The data cache intercepted all (52) of the reads that it tried, which shows that the data was always written before being read. The "data" is actually the contents of registers saved onto the stack before subroutine calls. Yes, writing does occur before reading there. The count shows that 7 different stack locations were used overall (19 writes, of which 12 evicted data already present in the cache).

That's enough data to predict the theoretical perfect performance from a pyschic pipeline. It's in the last column:

For the top row (final column), We've counted just 220ns for 220 instructions, at 1ns apiece.

For the middle row (final column), We've counted the 220ns for the 220 instructions, plus an extra 1.5ns for each of the 50 reads from main memory of the program instructions that must necessarily take place, and an extra 1.5ns for each of the 19 data writes to main memory that did take place.

For the bottom row (final column), We've counted the 220ns for the 220 instructions, plus an extra 1.5ns for each of the 220 reads from main memory of program instructions that must take place, and an extra 1.5ns for each of the 19 data writes to main memory that did take place.

You could fill in the blanks in the table by retro-fitting the more sophisticated memory-with-cache class code into the non-pipelined simulator code. It should drop right in.

Exercises with the optimized pipelined caching model

Improve the cache in the cached and optimized pipelined emulator CPU4 java class source code. It's only direct mapped write-through by default. See how good you can get the cache figures with respect to the "perfect psychic cache" noted above.

[edit] Doubling cache line length

You may easily improve the CPU performance figures by making the cache lines longer, so that more data is read-ahead at a time into the cache, saving time overall. But don't go overboard. It's not certain that even 64-bit wide data paths from cache to main memory would be approved by the project accountant! And it's unlikely that you'll get anywhere as much improvment in doubling from 64 to 128 bits as you do in doubling from 32 to 64 bits.

Here are hints on how to extend the cache lines in the CPU4 model code from 4 bytes to 8 bytes length. That should make cache hits rather more frequent. Indeed, indications from a few test runs are that it's something like a 10% win from this rather easy coding change in the model. However little more one would win with 16 byte long cache lines, it would require substantially more coding work and is not worth even thinking about until you have tackled this task first.

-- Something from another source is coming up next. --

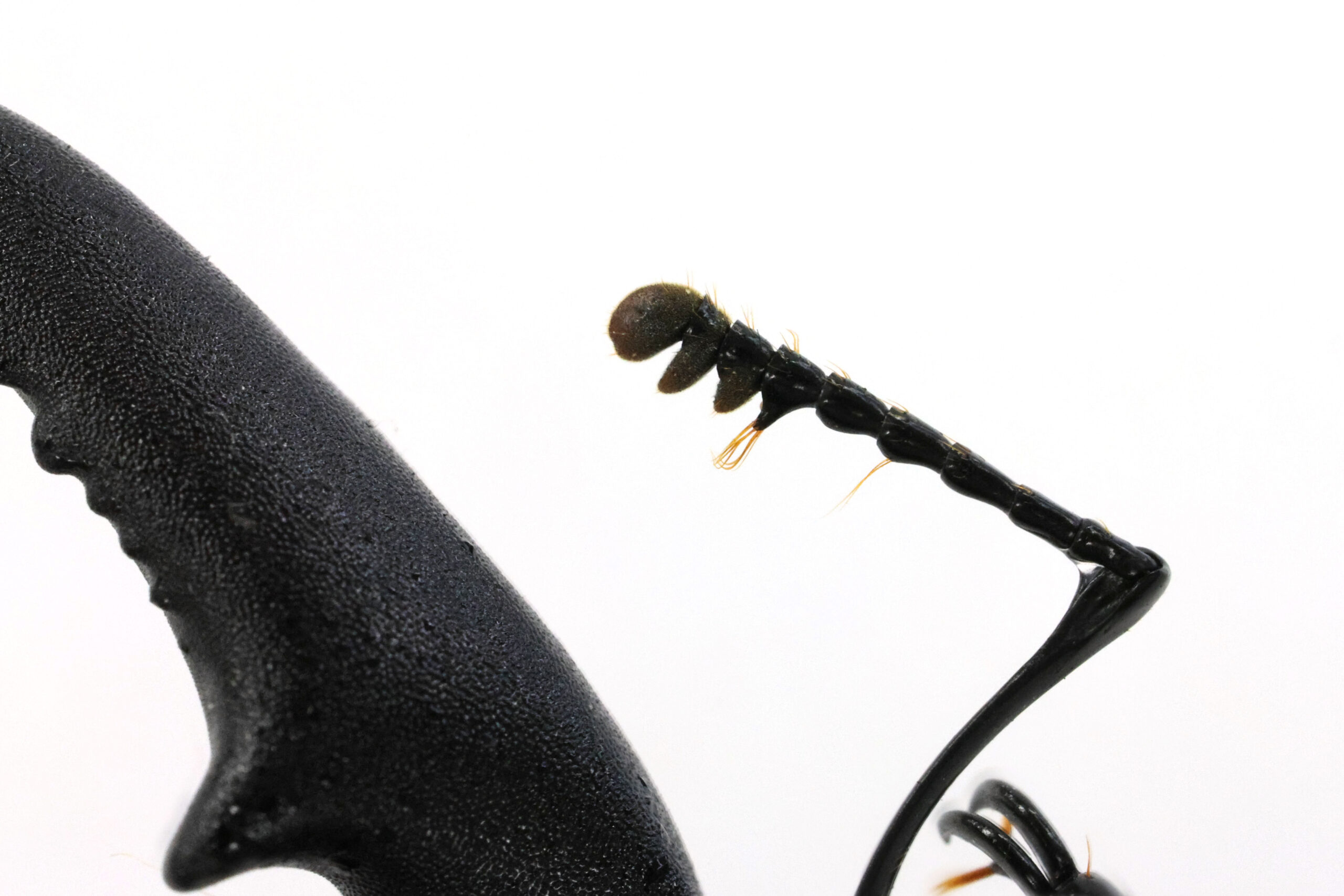 ヒラタクワガタの触角には、美しい毛が生えているんです。まるでブラシのような!

The changes you make should be centered on the Cache.java file, which contains the cache methods read32be and write32be (plus its simpler-minded cousin, update32be), in about 20 lines of code.

You will modify them to read64be and write64be methods, allowing 64-bit data to be read and written from/to cache.

Start by changing the linelen=4 initialization to linelen=8, doubling the length of the cache lines in the cache and halving their number.

Change the type of the read method to allow it to return a long, instead of an int. Change the declaration of the variable val that is returned from int to long, and change the way it is read from a cache line to use the utility function grab64be (write it!) instead of grab32be. Cache lines are now 64 bits long, not 32, so the change is forced. That's it for read.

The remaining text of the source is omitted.